§ Prompt: Scan the entries for lines with the word "that", then copy those lines.

··· Given information ···

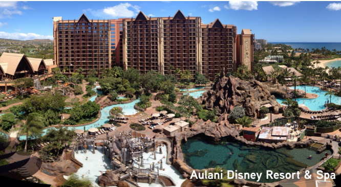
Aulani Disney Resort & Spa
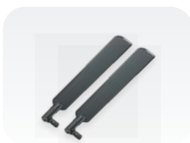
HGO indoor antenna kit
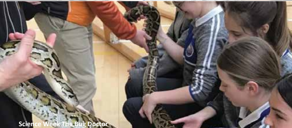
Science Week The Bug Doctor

···
··· Given information ···

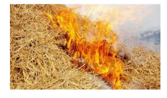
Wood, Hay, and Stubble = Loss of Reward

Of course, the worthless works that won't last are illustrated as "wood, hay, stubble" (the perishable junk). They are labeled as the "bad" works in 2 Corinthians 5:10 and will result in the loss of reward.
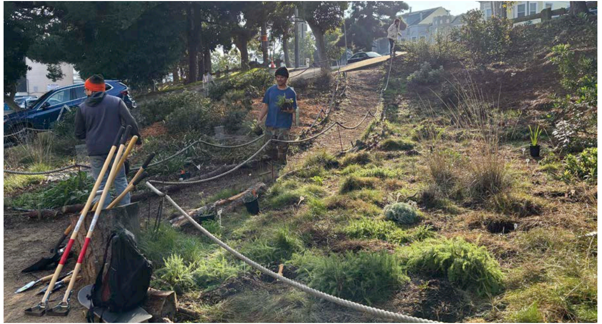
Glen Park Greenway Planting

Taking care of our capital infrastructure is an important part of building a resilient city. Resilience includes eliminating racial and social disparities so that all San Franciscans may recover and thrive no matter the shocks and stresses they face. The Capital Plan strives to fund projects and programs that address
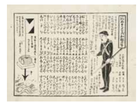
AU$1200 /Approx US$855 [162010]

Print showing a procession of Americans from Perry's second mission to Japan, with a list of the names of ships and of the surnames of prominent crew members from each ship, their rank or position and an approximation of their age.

···

§ Your solution:
Of course, the worthless works that won't last are illustrated as "wood, hay, stubble" (the perishable junk). They are labeled as the "bad" works in 2 Corinthians 5:10 and will result in the loss of reward.
Taking care of our capital infrastructure is an important part of building a resilient city. Resilience includes eliminating racial and social disparities so that all San Franciscans may recover and thrive no matter the shocks and stresses they face. The Capital Plan strives to fund projects and programs that address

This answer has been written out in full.